Mingcan Ma,Changqun Xia,Chenxi Xie,Xiaowu Chen,Jia Li
DOI: https://doi.org/10.48550/arXiv.2110.07859
2021-10-15
Abstract:Salient object detection requires a comprehensive and scalable receptive field to locate the visually significant objects in the image. Recently, the emergence of visual transformers and multi-branch modules has significantly enhanced the ability of neural networks to perceive objects at different scales. However, compared to the traditional backbone, the calculation process of transformers is time-consuming. Moreover, different branches of the multi-branch modules could cause the same error back propagation in each training iteration, which is not conducive to extracting discriminative features. To solve these problems, we propose a bilateral network based on transformer and CNN to efficiently broaden local details and global semantic information simultaneously. Besides, a Multi-Head Boosting (MHB) strategy is proposed to enhance the specificity of different network branches. By calculating the errors of different prediction heads, each branch can separately pay more attention to the pixels that other branches predict incorrectly. Moreover, Unlike multi-path parallel training, MHB randomly selects one branch each time for gradient back propagation in a boosting way.
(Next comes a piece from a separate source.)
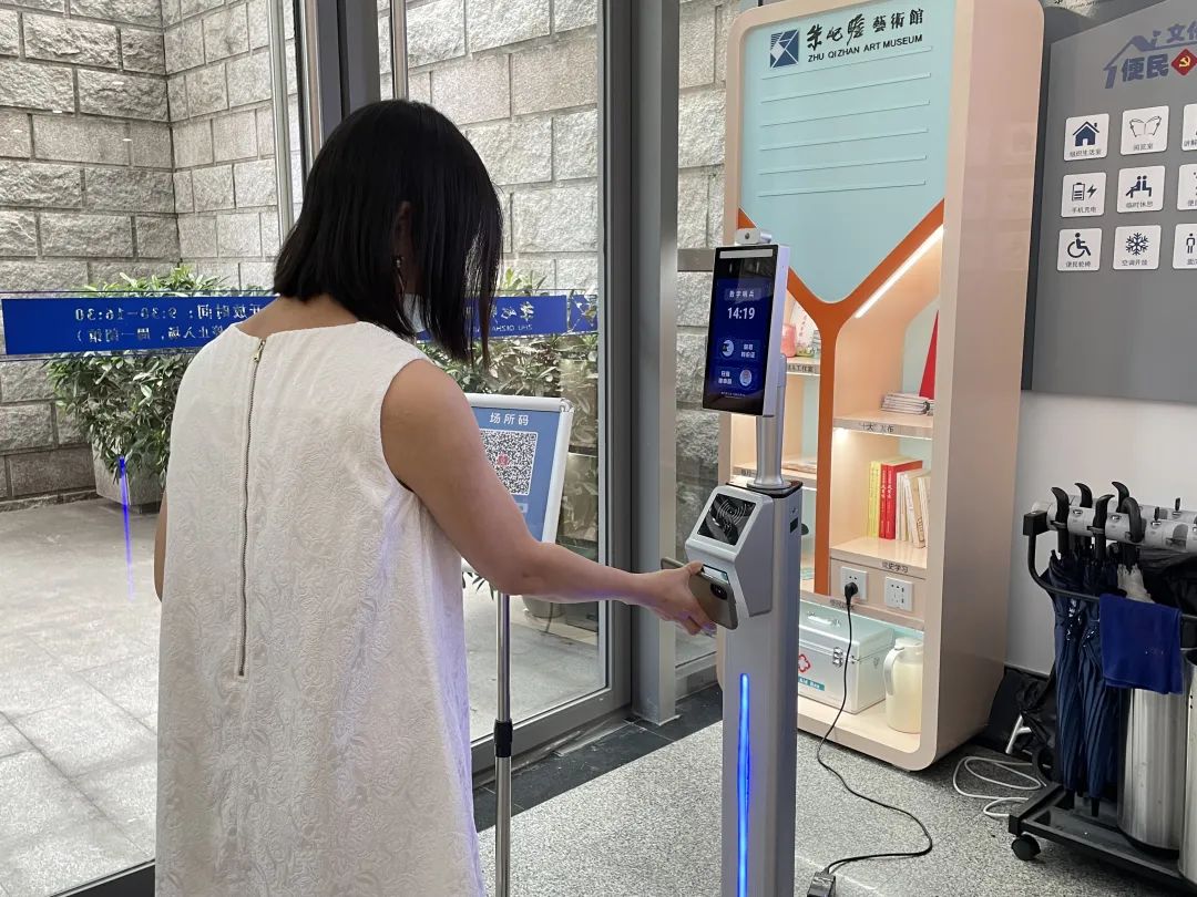 開放首日,記者在朱屺瞻藝術館入口處看到,市民正有序掃描場所碼和數字哨兵,憑預約碼入場參觀。

Additionally, an Attention Feature Fusion Module (AF) is proposed to fuse two types of features according to respective characteristics. Comprehensive experiments on five benchmark datasets demonstrate that the proposed method can achieve a significant performance improvement compared with the state-of-the-art methods.
Computer Vision and Pattern Recognition
What problem does this paper attempt to address?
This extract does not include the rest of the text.